[[ DATA BELOW open ]]
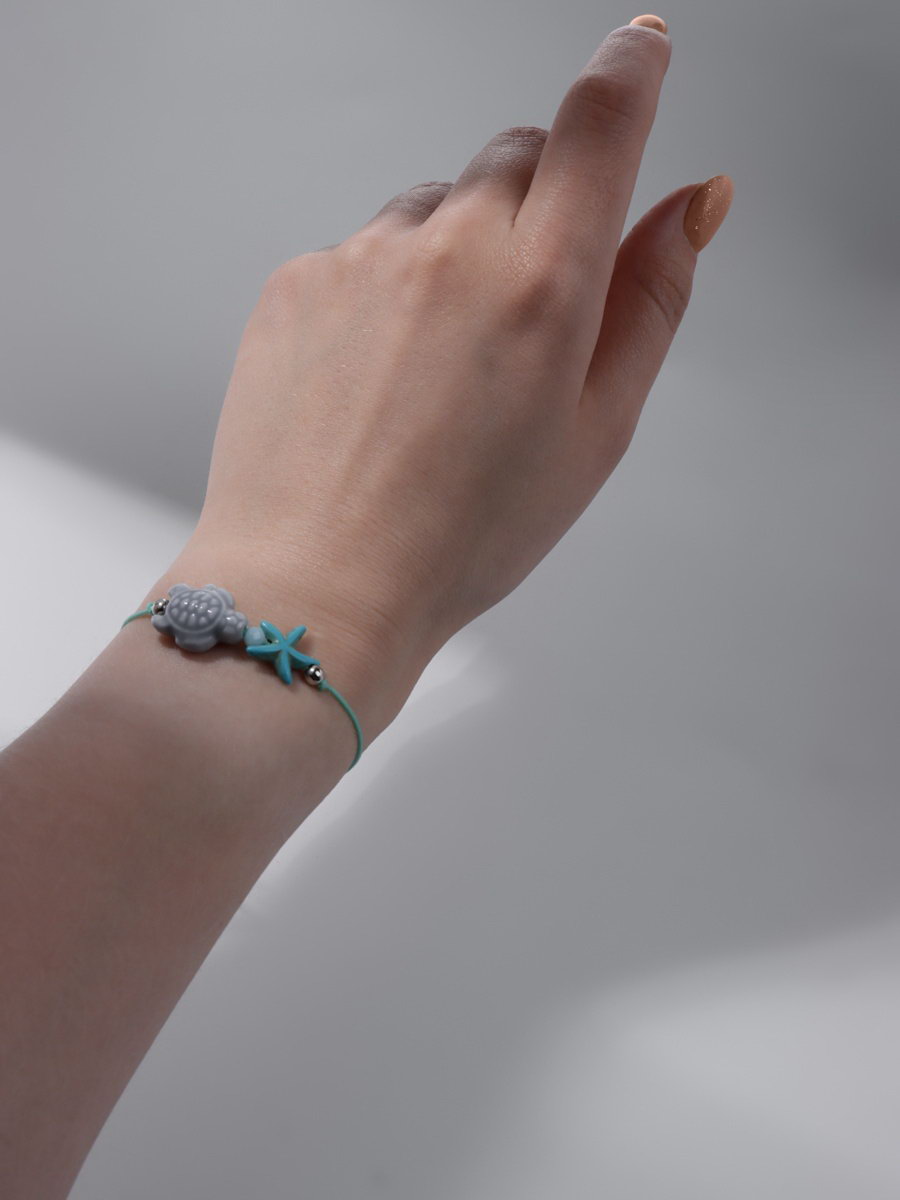 Браслет "Черепашка" на нити, звезда, серый в серебре, 2x7x0.4 см., QF, Китай
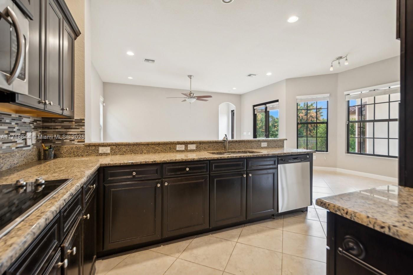 Welcome to 8771 NW 41st Street, Cooper City, This 4-bedroom 3-bathroom home totals 3411 sqft with 2480 sq ft under AC. Located in the executive Estada community at Monterra. This residence offers volume ceilings, a covered back porch, and full impact windows. The home features dual garages with space for three vehicles and a flexible layout with a rear bedroom ideal for in-laws or guests. Step outside, where water shimmers beyond the covered patio. with plenty of room to add a pool. Every detail supports relaxed, elegant living in one of Cooper City's most desirable neighborhoods.
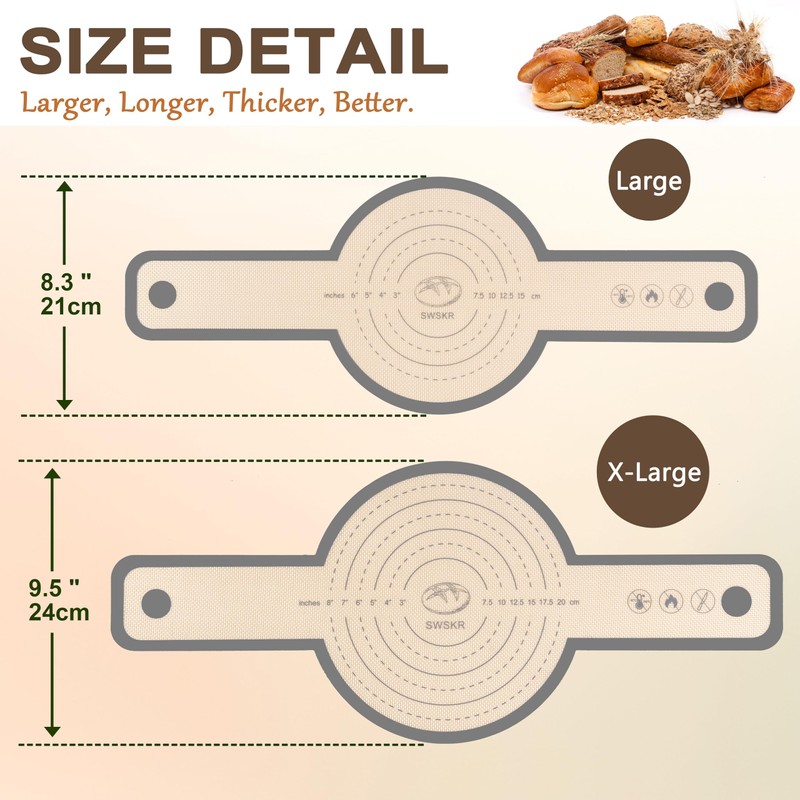 • 2-Sizes Value Pack Come with 2 sizes of silicone bread slings,X-Large one is 9.5' and Large one is 8.3' in diameter, fits all Dutch ovens 4Qt and above.
[[ DATA BELOW closed ]]
EXERCISE DESCRIPTION:
Transcribe every line from the one containing "Welcome to 8771" to the end of the listing, exactly and exclusively. Do not carry any picture over.

RESPONSE AREA:
 Welcome to 8771 NW 41st Street, Cooper City, This 4-bedroom 3-bathroom home totals 3411 sqft with 2480 sq ft under AC. Located in the executive Estada community at Monterra. This residence offers volume ceilings, a covered back porch, and full impact windows. The home features dual garages with space for three vehicles and a flexible layout with a rear bedroom ideal for in-laws or guests. Step outside, where water shimmers beyond the covered patio. with plenty of room to add a pool. Every detail supports relaxed, elegant living in one of Cooper City's most desirable neighborhoods.
 • 2-Sizes Value Pack Come with 2 sizes of silicone bread slings,X-Large one is 9.5' and Large one is 8.3' in diameter, fits all Dutch ovens 4Qt and above.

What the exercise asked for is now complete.